Page MenuHomePhabricator

rhg: more efficient `HgPath::join`

Authored by aalekseyev on Oct 26 2021, 2:49 PM.



This commit makes HgPath::join slightly more efficient
by avoiding one copy.

It also avoids a particularly inefficient (quadratic) use of
HgPath::join by using a new mutating function HgPathBuf::push instead.

The name for HgPathBuf::push is chosen by analogy to PathBuf::push.

Diff Detail

rHG Mercurial
Automatic diff as part of commit; lint not applicable.
Automatic diff as part of commit; unit tests not applicable.

Event Timeline

aalekseyev created this revision.Oct 26 2021, 2:49 PM
aalekseyev updated this revision to Diff 30990.Oct 26 2021, 2:52 PM
Alphare accepted this revision.Oct 27 2021, 3:19 AM
Alphare added a subscriber: Alphare.

Thanks! That quadratic code looked bad indeed (I can say it, I've written it ;) ), thanks for spotting it.

Out of curiosity, have you observed any measurable difference in commands?

This revision is now accepted and ready to land.Oct 27 2021, 3:19 AM
aalekseyev edited the summary of this revision. (Show Details)Oct 27 2021, 6:16 AM
aalekseyev updated this revision to Diff 30991.

Whoops, this last version didn't even compile (I compiled the wrong workspace when I made the tweak). I pushed a version that compiles now.
I saw the performance difference on .hgignore parsing (saw a 1ms improvement or so), but I don't think there's a command that makes that operation in isolation.
I'm looking at adding rhg debugignore.

I just realized that the extra copying that I removed was potentially useful. After a call to extend the buffer has spare capacity, so the call to HgPathBuf::from_bytes was trimming the unnecessary bytes. Removal this trimming saves time, but wastes some memory.
I'm assuming this is a fine tradeoff if the standard library is taking it, but I imagine we could get the best of both worlds if we pre-allocated a vector of the right capacity from the start.

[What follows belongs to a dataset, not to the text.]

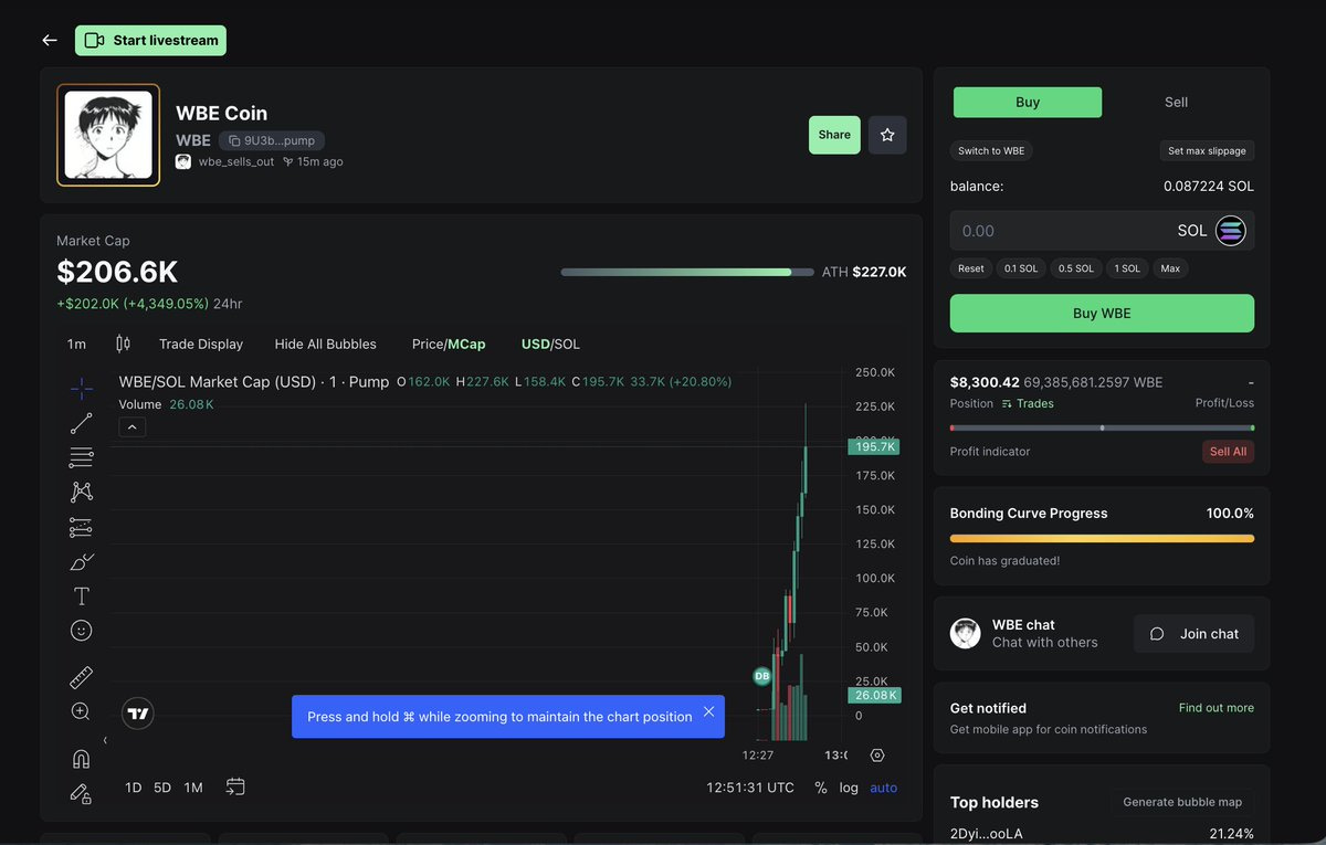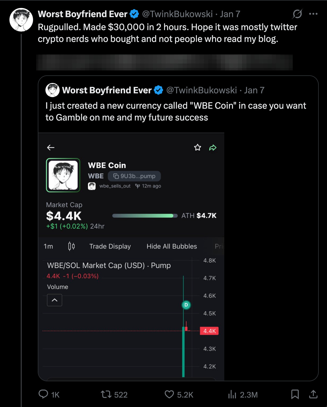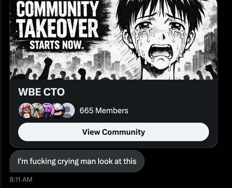 it’s 3 AM. the price of WBE Coin is still going up, people are still buying, i’ve made $5k more in creator fees. i even bought back in myself... attention is the only thing that matters on the internet. even if you say “i rugpulled” -- if you saying that results in the post going more viral, the coin will keep being bought, because again, attention is the only thing that matters on the internet.

The command hg debugignorerhg I introduced in on a repo with a ~3k line hgignore takes ~31ms after this patch and ~32.5 before this patch.

I looked at the benefit of pre-allocating the HgPathBuf of the right size from the start, but I couldn't measure much improvement, if any. (possibly because I don't have a sensitive benchmark)
The patch looks like this:

diff --git a/rust/hg-core/src/utils/ b/rust/hg-core/src/utils/
--- a/rust/hg-core/src/utils/
+++ b/rust/hg-core/src/utils/
@@ -172,6 +172,13 @@ impl HgPath {
             inner: self.inner.to_owned(),
+    fn to_hg_path_buf_with_spare_capacity(&self, spare_capacity : usize) -> HgPathBuf {
+        let mut vec = Vec::with_capacity(self.len() + spare_capacity);
+        vec.extend(&self.inner);
+        HgPathBuf {
+            inner: vec,
+        }
+    }
     pub fn bytes(&self) -> std::slice::Iter<u8> {
@@ -222,7 +229,7 @@ impl HgPath {
     pub fn join(&self, path: &HgPath) -> HgPathBuf {
-        let mut buf = self.to_owned();
+        let mut buf = self.to_hg_path_buf_with_spare_capacity(path.len() + 1);

I'm happy to push that if you think that's better.

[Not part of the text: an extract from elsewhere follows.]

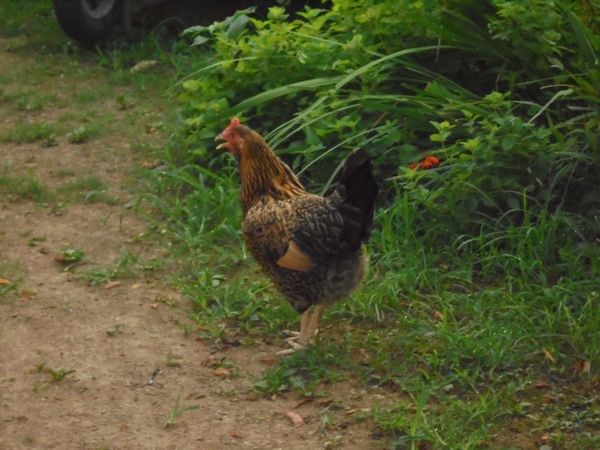 半野生になっている鶏が最近はすっかり馴れて我家に定住するようになった。古米を与えていたがそれが習慣になって早朝に裏山から下りて来る。朝の5時頃からククと啼いて餌を催促する。羽の色艶も良く近づいても逃げない。不思議なもので毎日見ていると可愛くなる。毎日鶏に餌を与えているので近頃は以前から居る2羽の家烏(イエガラス)が羨ましいのか?ニワトリを大声で威嚇するようになった。自然界も縄張り争いが熾烈である。
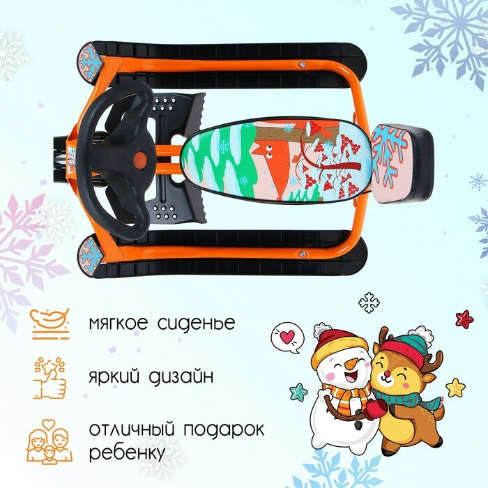 Купить Дэми Снегокат растущий Kiddy LUX «Лиса», СНК.10-02, со спинкой, цвет оранжевый/чёрный

Alphare accepted this revision.Oct 28 2021, 5:23 AM

I think this is a better change because of the ergonomics (them being closer to stdlib) and because it removes the quadratic code, but the optimizer is probably smart enough to figure some of this out. I don't think a 1ms difference in a 30ms run is very significant (unless you have the most stable of machines).

pulkit accepted this revision.Tue, Nov 9, 9:49 AM
This revision was automatically updated to reflect the committed changes.